Reproduced this problem using Update3. Performed the disabling an active port from an hba to fc switch test cases with the follwoing results: * No scsi 20000 errors were seen * There were SCSI 10000 errors * A bunch of retried paths were seen until one of the volumes was corrupted: qla2x00: cwalk_release: releasing module, cnt=1 GFS: Trying to join cluster "lock_dlm", "sqaone:TestVol_01" GFS: fsid=sqaone:TestVol_01.1: Joined cluster. Now mounting FS... GFS: fsid=sqaone:TestVol_01.1: jid=1: Trying to acquire journal lock... GFS: fsid=sqaone:TestVol_01.1: jid=1: Looking at journal... GFS: fsid=sqaone:TestVol_01.1: jid=1: Done GFS: Trying to join cluster "lock_dlm", "sqaone:TestVol_02" GFS: fsid=sqaone:TestVol_02.1: Joined cluster.
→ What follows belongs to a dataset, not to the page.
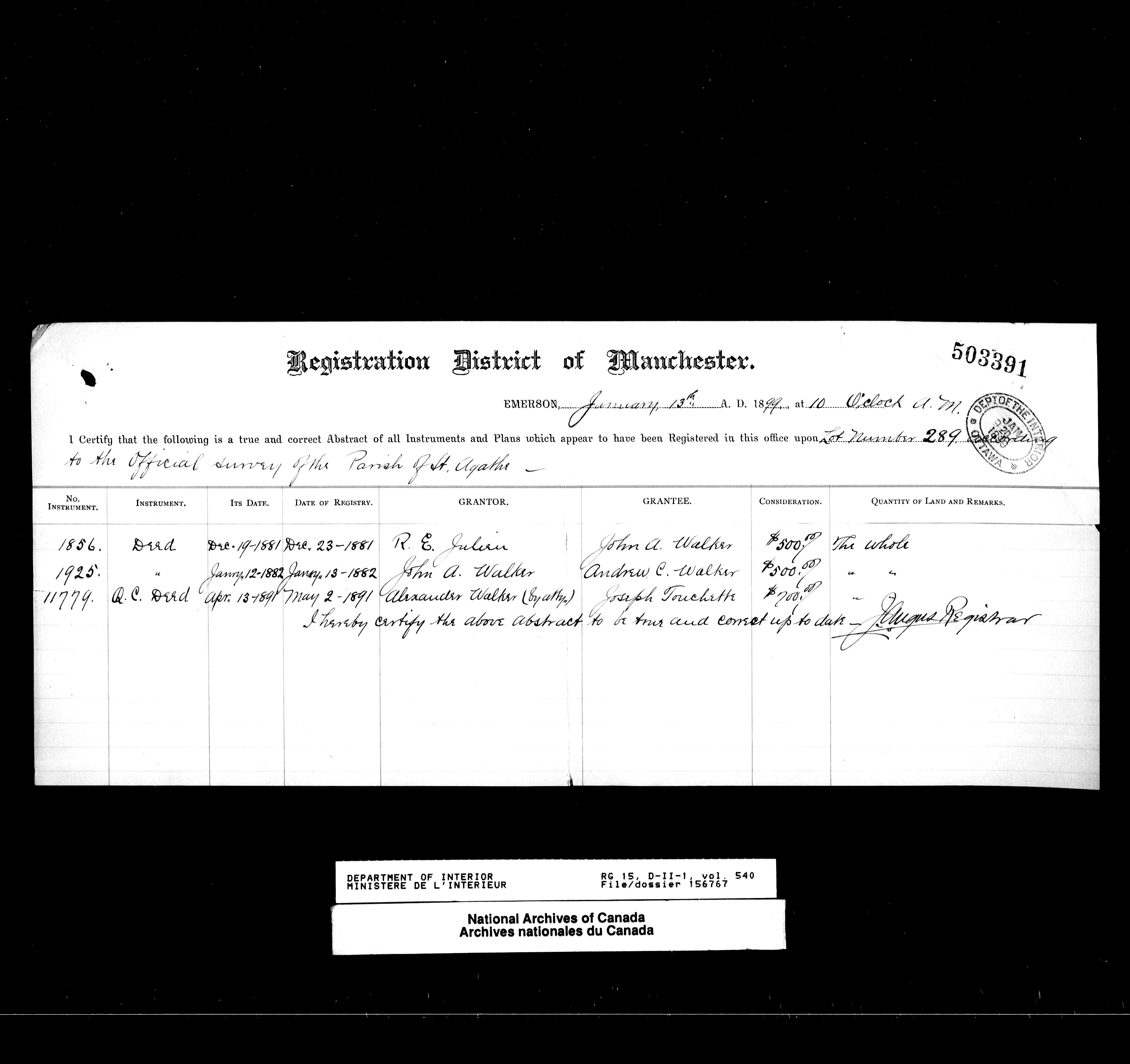 Central registry subject files created by the Dominion Lands Branch - 13796

Now mounting FS... GFS: fsid=sqaone:TestVol_02.1: jid=1: Trying to acquire journal lock... GFS: fsid=sqaone:TestVol_02.1: jid=1: Looking at journal... GFS: fsid=sqaone:TestVol_02.1: jid=1: Done GFS: fsid=sqaone:TestVol_02.1: fatal: filesystem consistency error GFS: fsid=sqaone:TestVol_02.1: inode = 36/36 GFS: fsid=sqaone:TestVol_02.1: function = gfs_copyin_dinode GFS: fsid=sqaone:TestVol_02.1: file = fs/gfs/inode.c, line = 266 GFS: fsid=sqaone:TestVol_02.1: time = 1142296033 GFS: fsid=sqaone:TestVol_02.1: about to withdraw from the cluster GFS: fsid=sqaone:TestVol_02.1: waiting for outstanding I/O GFS: fsid=sqaone:TestVol_02.1: telling LM to withdraw lock_dlm: withdraw abandoned memory GFS: fsid=sqaone:TestVol_02.1: withdrawn mh_magic = 0x01161970 mh_type = 4 mh_generation = 49412 mh_format = 400 mh_incarn = 0 no_formal_ino = 52 no_addr = 52 di_mode = 03545 di_uid = 0 di_gid = 0 di_nlink = 1 di_size = 800 di_blocks = 1 di_atime = 1142291438 di_mtime = 1142293185 di_ctime = 1142293185 di_major = 0 di_minor = 0 di_rgrp = 17 di_goal_rgrp = 17 di_goal_dblk = 30 di_goal_mblk = 30 di_flags = 0x00000000 di_payload_format = 0 di_type = 1 di_height = 0 di_incarn = 0 di_pad = 0 di_depth = 0 di_entries = 0 no_formal_ino = 0 no_addr = 0 di_eattr = 0 di_reserved = 00 00 00 00 00 00 00 00 00 00 00 00 00 00 00 00 00 00 00 00 00 00 00 00 00 00 00 00 00 00 00 00 00 00 00 00 00 00 00 00 00 00 00 00 00 00 00 00 00 00 00 00 00 00 00 00 [ OK ] Red Hat Enterprise Linux AS release 4 (Nahant Update 3) Kernel 2.6.9-34.ELsmp on an x86_64
Yes, the fs appears to be corrupted (although it has nothing to do with the subject of this bugzilla.) If the fs hasn't been destroyed I'd like to poke around on the disk to gather more clues about what/where/how things got corrupted. I can't come up with any explanation, actually, apart from a bad buffer in memory, for the inconsistency that's printed out above. Does any new node mounting the fs hit this inconsistency right away?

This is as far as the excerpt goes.